Josefina, la esposa de Napoleón

Josefina, la esposa de Napoleón

Por María Angélica Aparicio P.

De su pequeño refugio en Martinica, una isla francesa situada en el océano Atlántico, pasó a ocupar, con los años, varios castillos ostentosos de Francia. No era una mujer ambiciosa, pero su destino la volvió obsesiva con la compra de inmuebles enormes, dotados de salones, jardines y árboles verdosos. Así fue el acontecer de Josefina Beauharnais mientras vivió como esposa de Napoleón Bonaparte y emperatriz de Francia.

Josefina nació en un terreno de 500 hectáreas. La propiedad, que era de su padre Joseph, estaba rodeada de cultivos de caña de azúcar que cuidaban varios trabajadores negros. La joven se educó en un colegio de monjas, allá en el Caribe, en la isla que parecía un diminuto botón cosido a cero metros del nivel del mar. Era entonces una colegiala de cabellos castaños, ojos cafés, con esa tez morena, divina, que atraía como el sonido de los tambores. 

La Beauharnais no era la belleza representativa de la isla, pero a sus catorce años, ya tenía estilo, un porte, cierta elegancia. Le tocó casarse con el pretendiente de dos hermanas suyas, un tal Alejandro Beauharnais, también de Martinica, de familia altamente adinerada. Entonces Alejandro ya era oficial de la armada francesa, razón por la cual resultó un viajero incansable, de largas estadías fuera de casa, que no supo desarrollar, como tocaba, su papel de esposo.

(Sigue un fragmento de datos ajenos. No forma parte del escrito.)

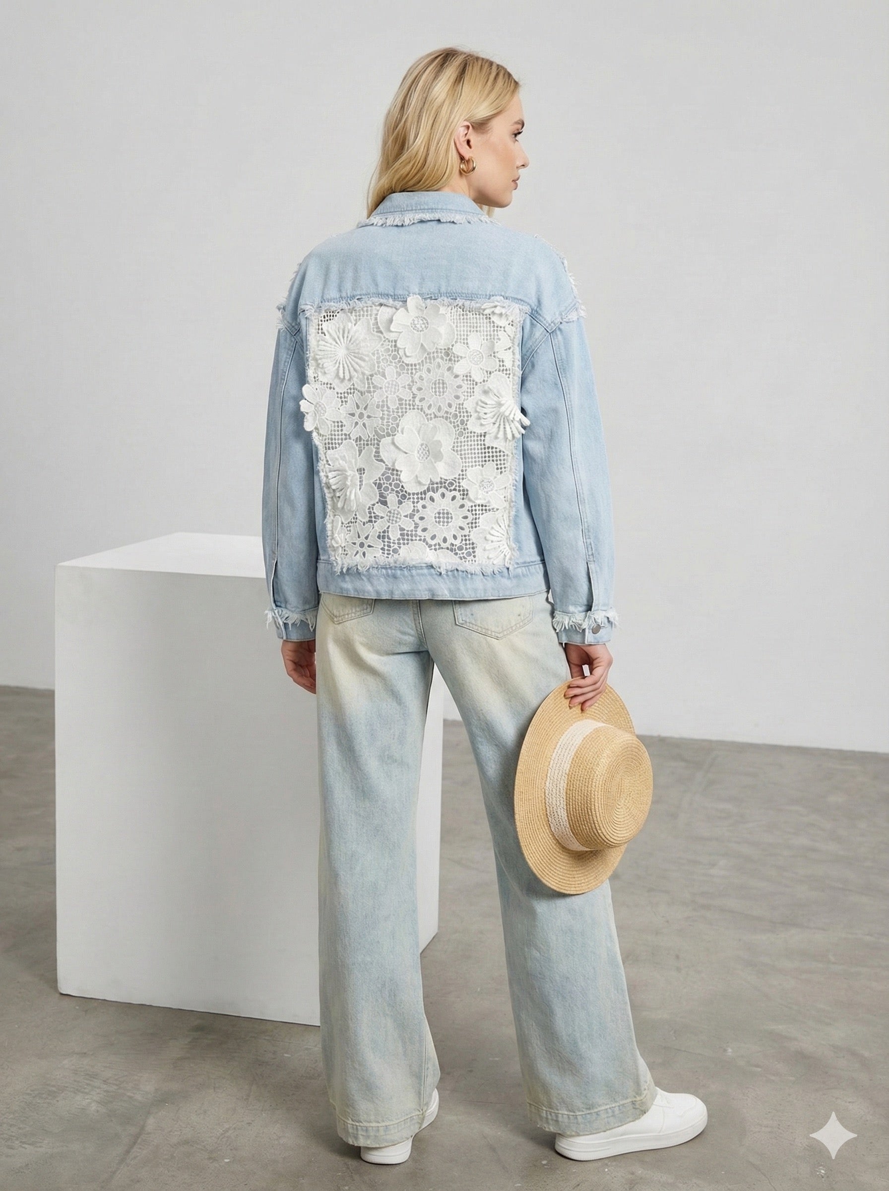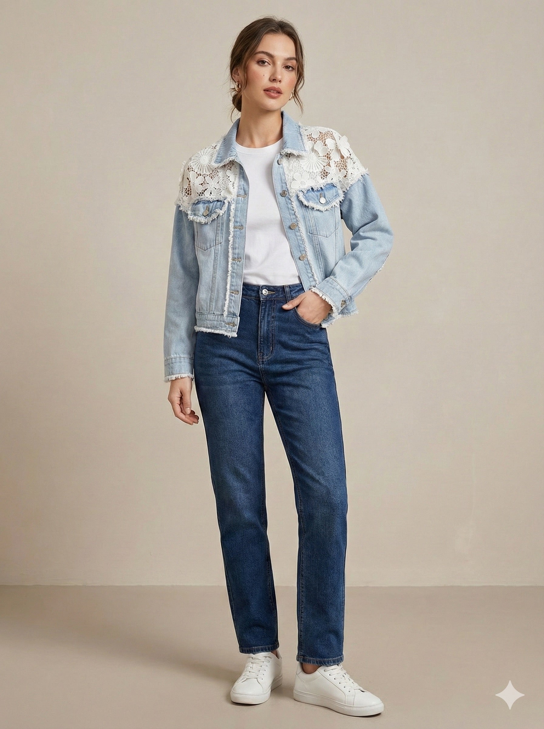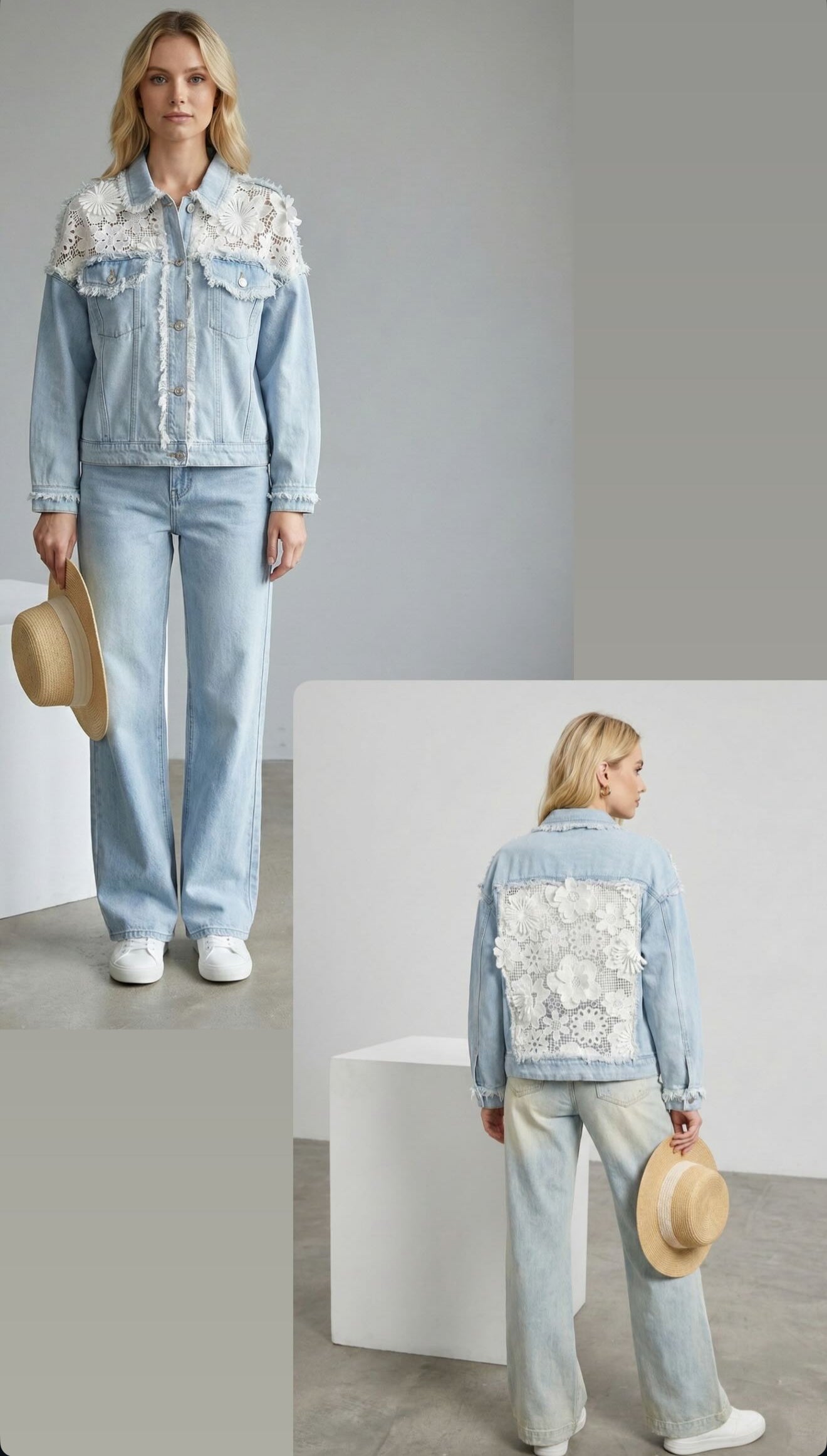 Designer Jeans Jacke Spitze Details S Woman Marke

Josefina alcanzó a tener dos hijos con este paseador martiniqués: un primogénito llamado Eugéne y su adorada hija Hortensia.

Su dicha como esposa terminó pronto. Alejandro regresó a Martinica a lidiar con sus pasatiempos predilectos: el alcohol, las mujeres y el juego. Se acabó el matrimonio, y Josefina se quedó en la ruina, golpeada por este sinsabor y por sus hijos pequeños que nada entendían. En la revolución francesa –iniciada en 1789– Alejandro tendría una representación política importante como diputado; como militar, ascendería a general del Ejército del Rhin. En 1794 encontraría, también, su muerte. 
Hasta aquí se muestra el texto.